IC – Um ano depois de formada, com 23 anos, já trabalhando como advogada em um dos maiores escritórios brasileiros, fui convidada, por causa de um trabalho que desenvolvi na Escola de Formação da Sociedade Brasileira de Direito Público, para atuar em um cargo de confiança ligado à diretoria-geral da Agência de Transporte do Estado de São Paulo. O convite era para apoiar o desenvolvimento de projetos estratégicos para a Agência, tais como o projeto de concessão da Rodovia dos Tamoios e a concessão dos Aeroportos Regionais de São Paulo. Foi um período de profundo aprendizado e desenvolvimento. Coordenar projetos dessa magnitude é uma experiência transformadora. Foi naquele momento que eu percebi o quanto a infraestrutura impacta a vida de todos nós. Depois dessa rica experiência, fui diretora de operações e desenvolvimento de projetos da Companhia São Paulo de Desenvolvimento e Mobilização de Ativos, ligada à Secretaria Municipal de Finanças da capital paulista. Lá pude sair completamente de minha zona de conforto! Fui contratada para chefiar a equipe que estruturava operações de otimização de fluxos de recebíveis e constituição de garantias para parcerias e concessões municipais. Também foi na SPDA que comecei a entender o mercado de capitais e como as suas ferramentas poderiam estar a serviço de melhor infraestrutura e serviços para a população.

Por fim, ainda na vida pública, fui convidada a assumir a Secretaria Executiva do Programa Estadual (São Paulo) de Desestatização, além da coordenação da Unidade de PPPs do Estado. Na época, São Paulo já tinha uma carteira de projetos que mobilizava mais de R$140 bilhões em investimentos.
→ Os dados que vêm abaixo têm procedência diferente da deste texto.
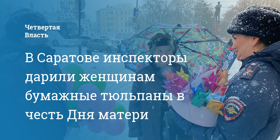 В Саратове инспекторы дарили женщинам бумажные тюльпаны в честь Дня матери
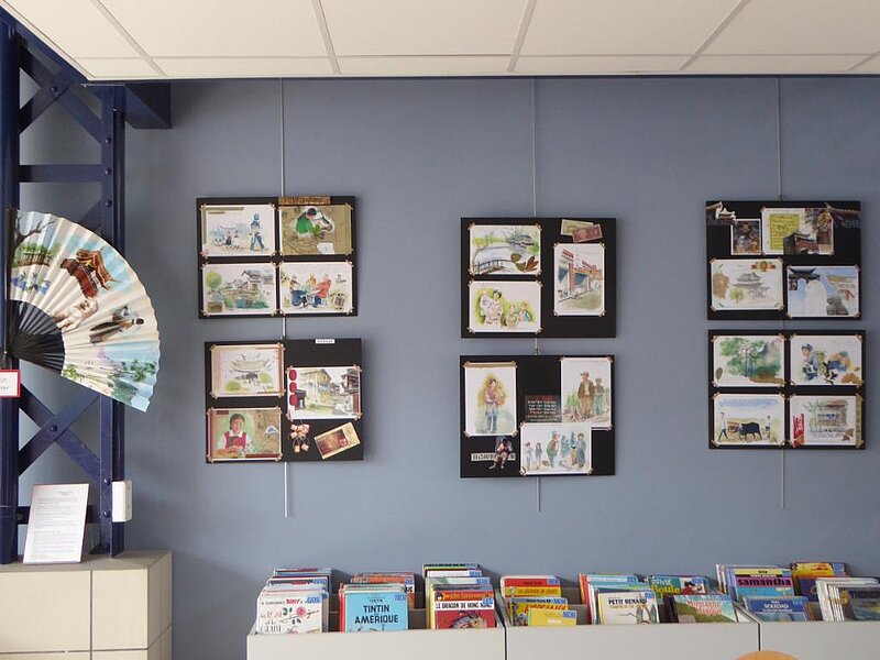 1. Lire, quel délire: Une vingtaine de livres objets de petit format et un kakémono expliquant le lien entre les objets présentés.
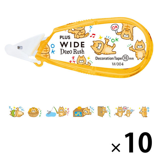 プラス デコレーションテープ ワイドデコラッシュ OKネコ 49134 10個
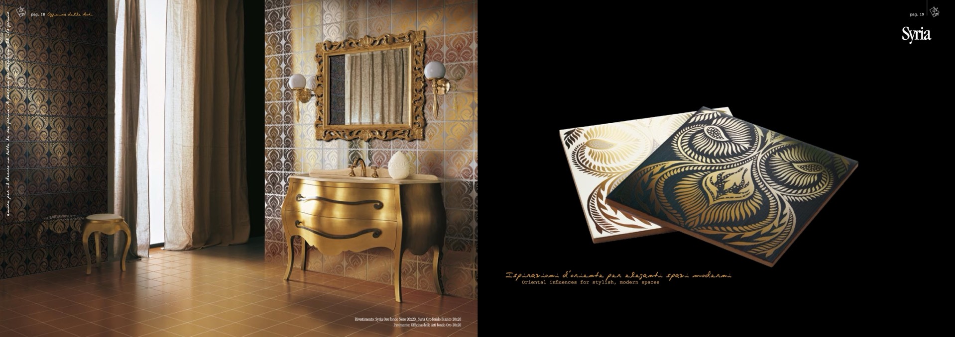 Rivestimento: Syria Oro fondo Nero 20x20_Syria Oro fondo Bianco 20x20
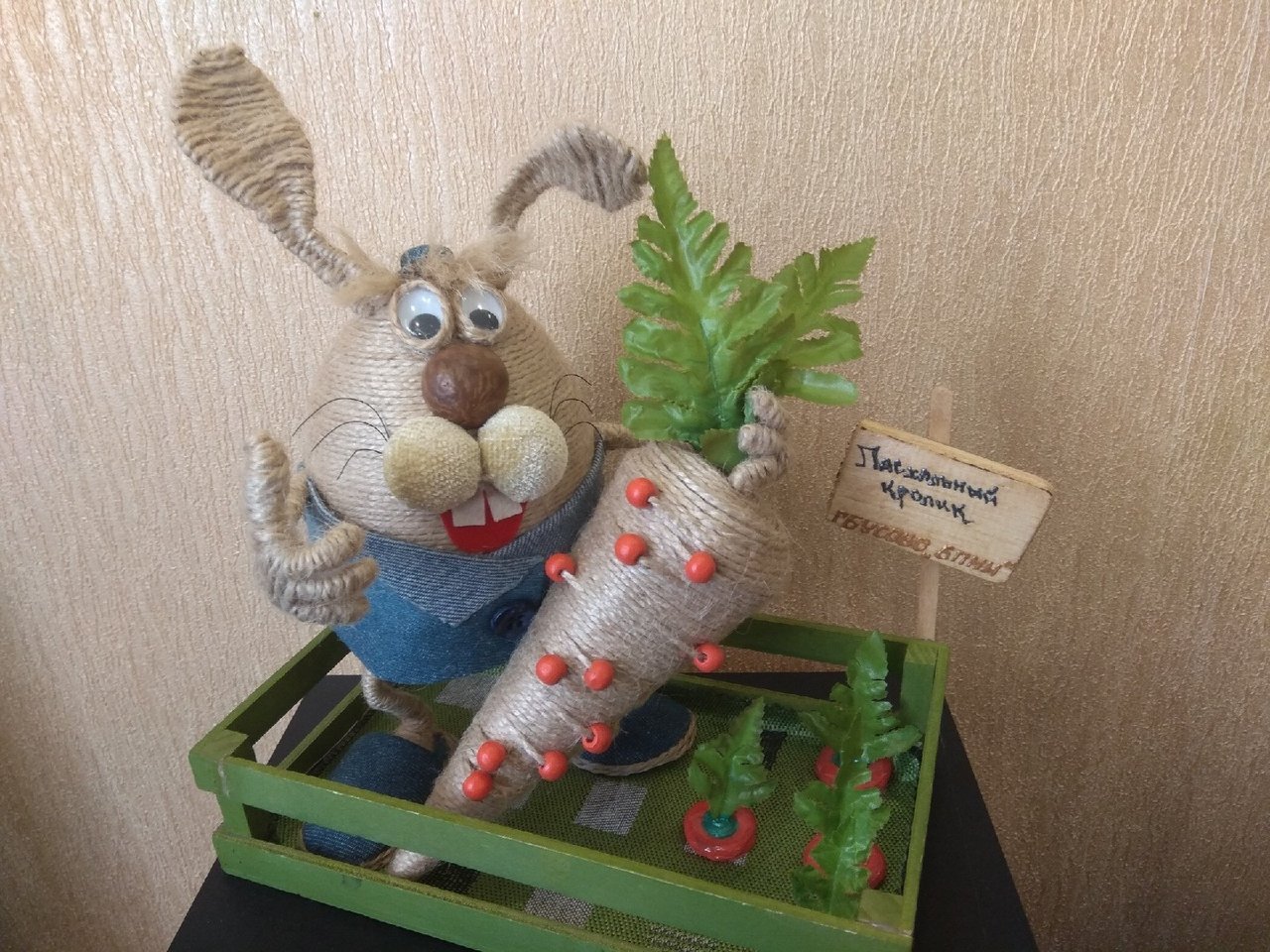 09.04.2019 года в Балакиревском интернате закончено изготовление Пасхальной поделки. Получатели социальных услуг под руководством психолога и инструктора по труду учреждения смастерили своими руками из пенопластовой заготовки и джутовой нити весёлого кролика-огородника.
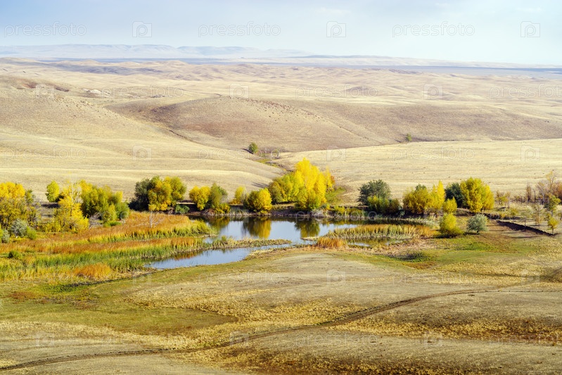 Осенний пейзаж с прудом на степной реке. Снимок сделан в России, в Оренбургской области
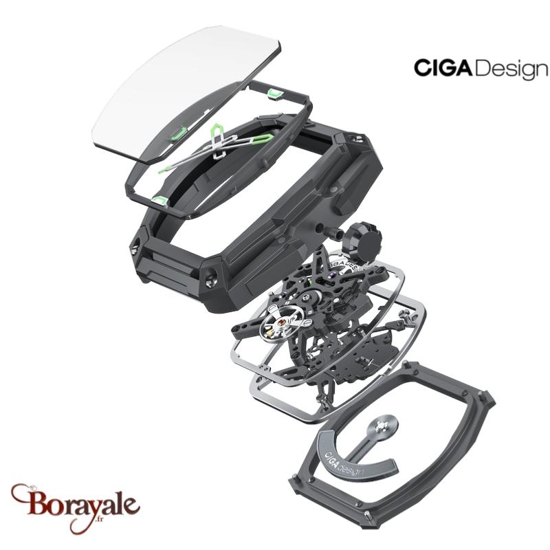 Le cadran est entièrement squeletté, offrant une vue dégagée sur le mouvement mécanique. Ciga Design a poussé le concept en augmentant la visibilité de 200% par rapport à des montres squelettes classiques. Les ponts et la platine du mouvement sont ajourés, brossés et polis pour mettre en valeur le travail d'horlogerie. Cette transparence permet d'observer chaque détail du mécanisme en mouvement.
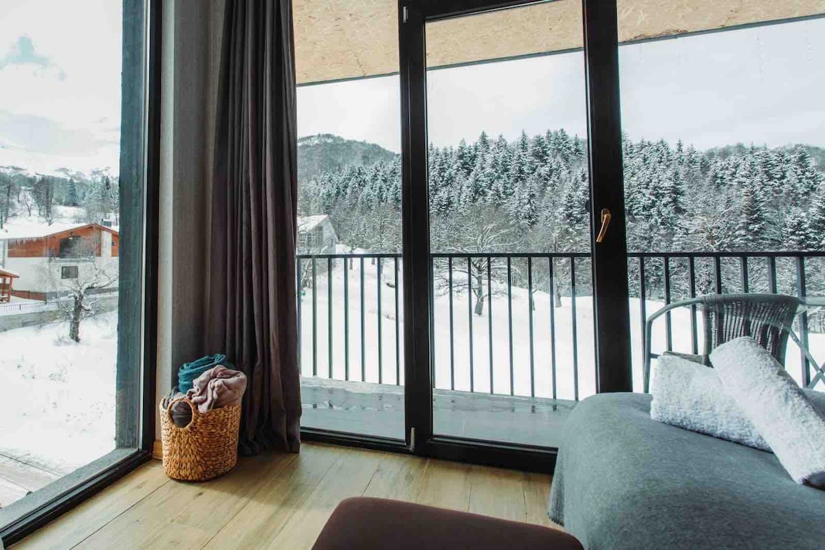 Ski and sleep in the beautiful apartment with even more beautiful view. Clean, bright, cozy and comfortable place, 500 meters from Didveli ski lift. 3 guests (maximum 4) place, 33 square meters, with Balcony, kitchen area and bathroom offering all necessary amenities for your comfortable stay

A descrição das atividades envolvia coordenar a estruturação de novos projetos prioritários e apoiar a gestão das parcerias já celebradas. Nesse conjunto estavam projetos de mobilidade, transporte, saúde, saneamento e outros. A vivência de quase 10 anos no setor público me rendeu inúmeros aprendizados. É importante perceber o contexto em que a tomada de decisão se insere e, pragmaticamente, viabilizar soluções que transformam, para melhor, a vida das pessoas.

 

TW – Um dos grandes debates da sociedade no momento são os modelos atuais de parcerias público-privadas. No seu entendimento, como o modelo atual pode ser melhorado e como ele beneficia o desenvolvimento do Brasil?

IC – O debate que se dá em âmbito legislativo traduz conceitos que foram sendo testados na prática dos contratos de concessões e PPPs e estão se sofisticando. Os projetos de leis que transitam hoje no Congresso – em especial aqueles sobre os contratos de PPPs e Concessões e o das Debêntures Incentivadas – trazem maior solidez e segurança para temas que vem sendo aprimorados na prática. O modelo contratual das parcerias e das concessões vem, cada vez mais, se firmando como boa ferramenta para atingir melhores políticas públicas. Já debatemos e melhoramos muito os processos de estruturação de projetos. É claro que ainda há muito a se trabalhar! Porém, na minha visão, os temas essenciais para serem aprofunda[1]dos e debatidos dizem respeito à fase de gestão desses projetos. Como conferir boa governança dos processos e viabilizar uma parceria mais ajustada entre público e privado? A chave para o desenvolvimento é o aprimoramento da gestão da parceria e da regulação eficiente do projeto, respeitando o arranjo contratual. Ainda há um espaço enorme para aprimorar a comunicação. É preciso melhorar o diálogo entre parceiro público e parceiro privado e, em especial, a comunicação com os usuários. Quanto maior for o cuidado com a comunicação, mais a sociedade conseguirá entender os benefícios da parceria e mais apoio o projeto ganhará. Por falar em benefícios, hoje a infraestrutura passou a ser foco de uma transformação a partir dos pilares ESG. Não há mais espaço para se falar em projetos que não tenham embarcadas as visões de responsabilidade ambiental, social e de governança. Essa, certamente, é a fronteira mais importante da infraestrutura moderna.